According to STV and Glasgow Live, there are “mass gatherings” planned for Glasgow this weekend to protest against the lockdown.

The story is interesting for all the wrong reasons.

Reason number one is that it isn’t true. A couple of far-right yahoos [update: their group is a front for the racist Britain First] have shared their drawing of a “come to our demo” leaflet – they don’t even have a real leaflet, just a drawing of one – on Facebook. Describing this as “plans” for “mass gatherings” is rather like saying I have “plans” to marry the actor Emma Stone or to be a size 8.

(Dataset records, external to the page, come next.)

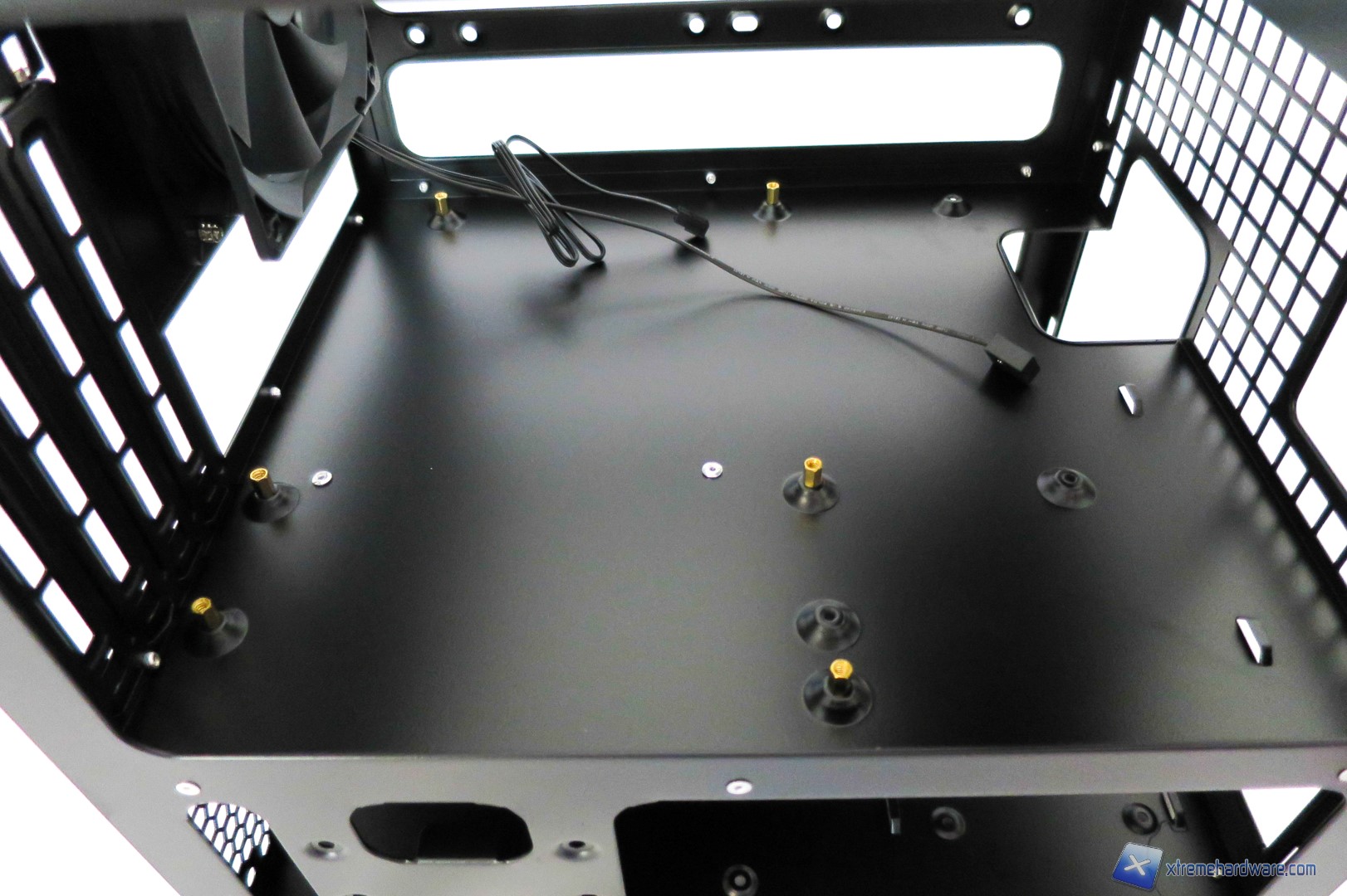 Il tray è già dotato di stand-off per l’installazione di una madre Mini-ITX. Per il formato mATX è richiesta l’installazione di due ulteriori standoffs inclusi nel bundle. Da notare anche come la struttura superiore del case sia dotata di un supporto/tray amovibile tramite delle slitte laterali. Tale supporto ci darà la possibilità di installare l’unità ottica slim e due SSD.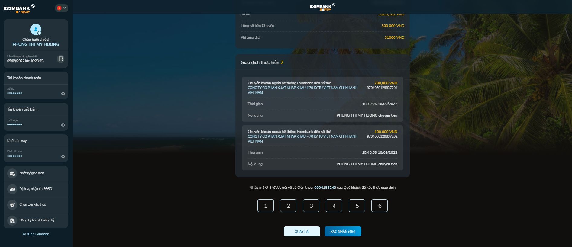 - Nhập mã xác thực OTP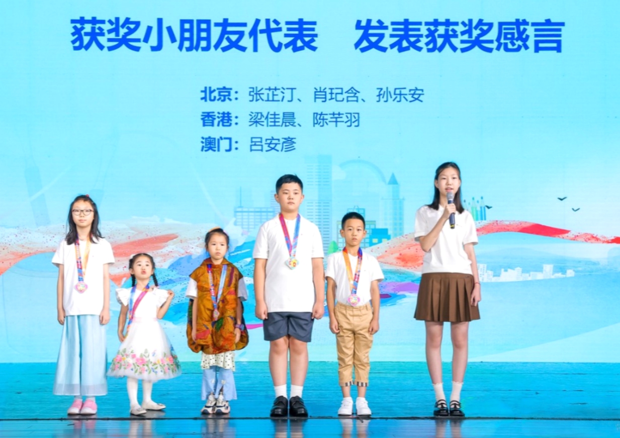 北京小朋友代表張芷汀、肖玘含、孫樂安,香港小朋友梁佳晨、陳芊羽,澳門小朋友呂安彥,在京台胞陳曉韻先後發表了獲獎感言,用他們童真的語言,表達了心中對繪畫的熱愛、對美好城市的理解及對美好生活的嚮往。除獲獎少年兒童外,本次活動還推選出31個優秀指導機構、17位優秀指導教師和25位優秀參與教師。活動現場為榮獲榮譽稱號的小朋友們、老師們頒發了紀念證書、紀念獎牌和紀念獎盤等。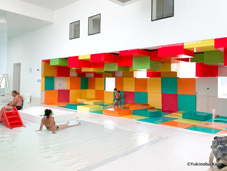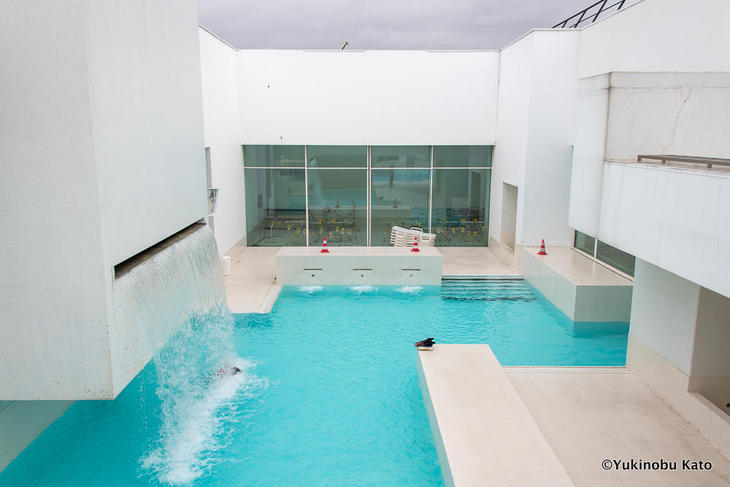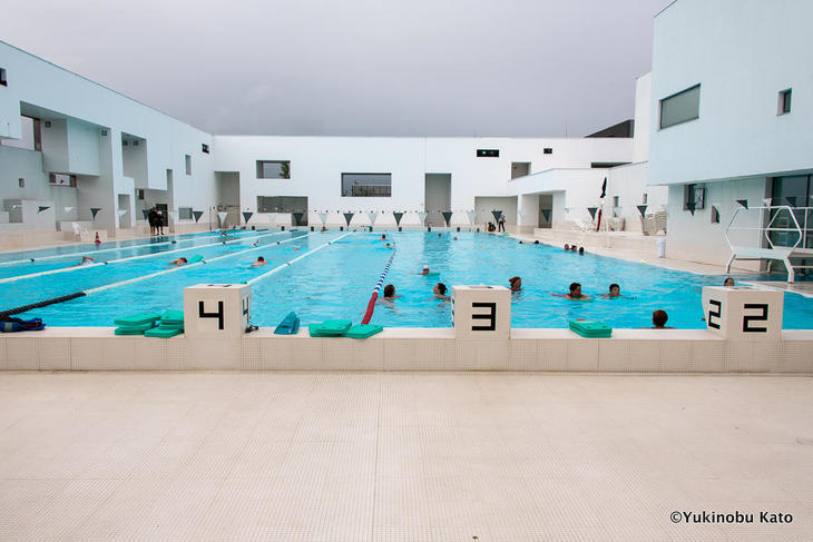 まず最初に着いたのが公共プール「レ・バン・デ・ドック」です。デザインはフランスの建築家ジャン・ヌーヴェルによるもの。公共のプールというと、どうもお役所の無機質なものをイメージしてしまいますが、同所は至る所にジャン・ヌーヴェルのセンスが散りばめられています。
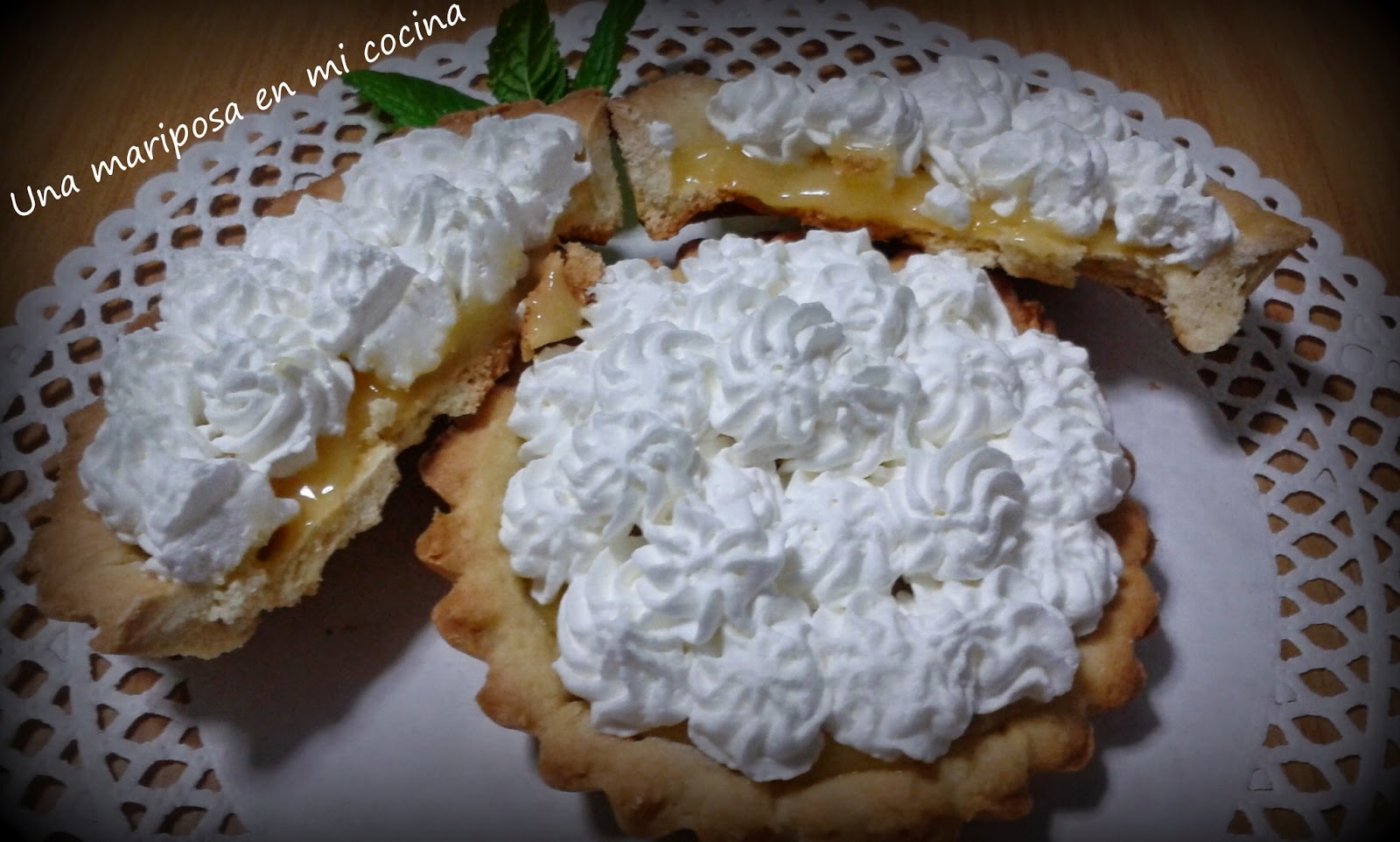 Ya frias rellenamos con la crema de limon y cubrimos con nata montada que habremos puesto en una manga pastelera con boquilla rizada.

And reason number two is that this kind of credulous reporting runs the risk of creating something from nothing. The coverage could encourage people who’d otherwise be unaware of the yahoos to wander down to the proposed meeting either to support it or demonstrate against it – thereby turning a couple of yahoos in a park into a much bigger thing.

This is happening far too often with far too many publications, not just here but in the US too: again and again one or two clowns come up with a social media account, a snappy name and a logo and they’re immediately taken seriously by reporters who don’t do even the most basic checking.

This is what happens when you chase traffic, not accuracy; when you pay your reporters not because of the quality of their work, but the quantity of content they produce; when your publication encourages churnalism, not journalism. It’s easy to exploit, and there’s no shortage of bad actors happy to exploit it.